The competition to place an op-ed at a top newspaper is brutal. Major papers like The New York Times
and Wall Street Journal
receive thousands of opinion submissions every week. But they run only one or two outside submissions per day. Some days, their regular columnists fill the entire page.
When sifting through that torrent of op-eds, editors tend to deploy a couple handy, commonsense heuristics. One of them is the obvious but important question: "Is this piece tied to something newsworthy?" You might have composed an op-ed of astonishing eloquence and insight. But if your piece is about a story that transpired a year -- or even a month -- ago, it probably isn't placing.
That means your op-ed needs to establish a news hook within the first couple sentences. The best way to give yourself a bona fide chance of getting serious consideration is to craft a timely opening paragraph. Here are four rules to follow:
1) The news hook should be an event from the past few days.

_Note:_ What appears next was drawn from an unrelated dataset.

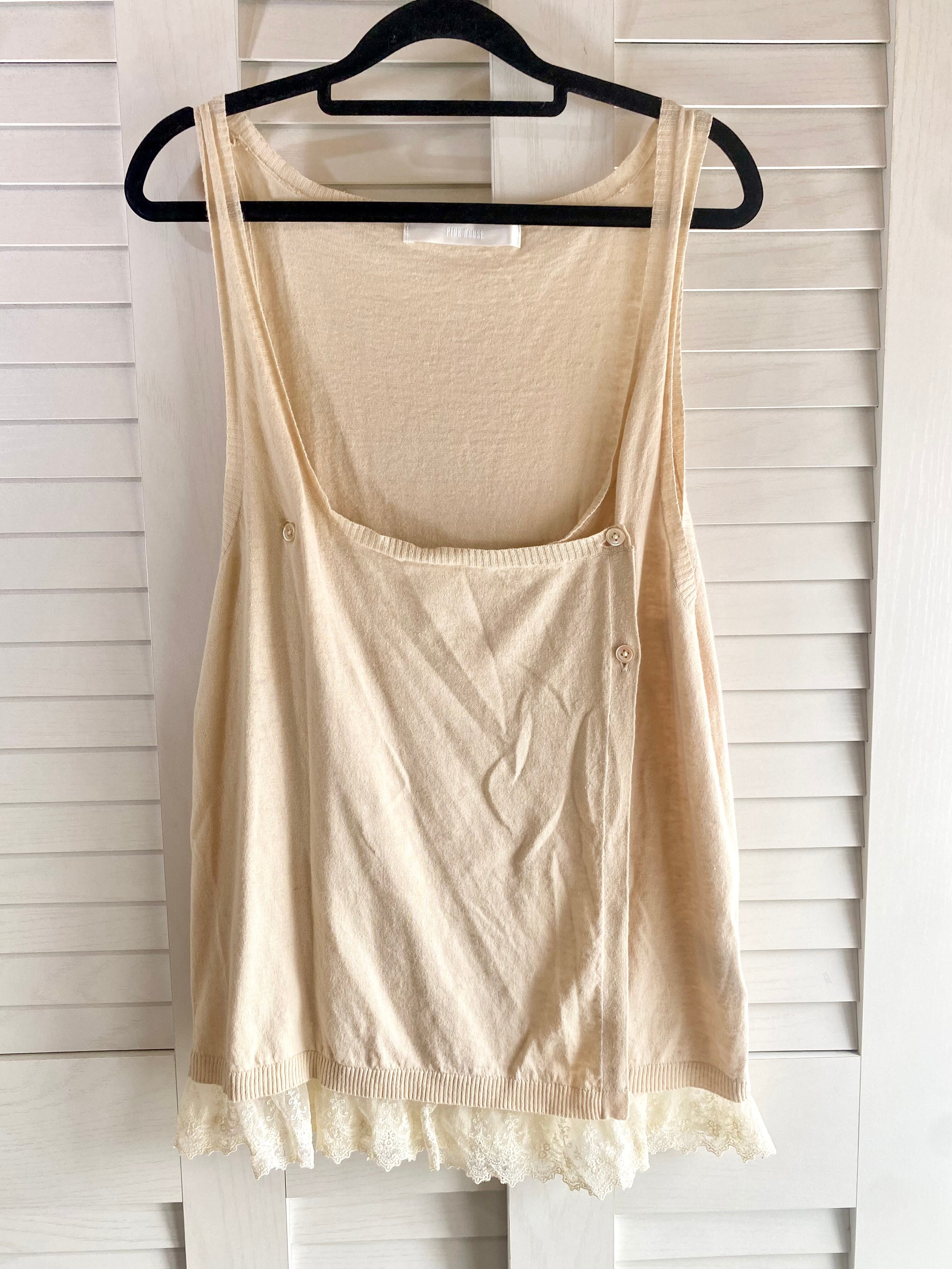 #182 PINK HOUSE 激レア!レースフリルコットンジレ クリームベージュ

Your hook should be of sufficient relevance that it could be covered on the front page of whatever paper you're pitching. Last week, hooks of national relevance would include the sequestration and new gun control legislation.
2) Stay descriptive.
Remember, at this point in the piece the editor's chief concern isn't its angle -- it's its relevance. You can save the explicit opinion for later on. In your introductory paragraph you want to provide the basic facts and create some context before laying out your thesis.
3) Keep it short and punchy.
The first paragraph should be no longer than three sentences. Don't weigh it down with excess information. You should aim to include only the details that matter.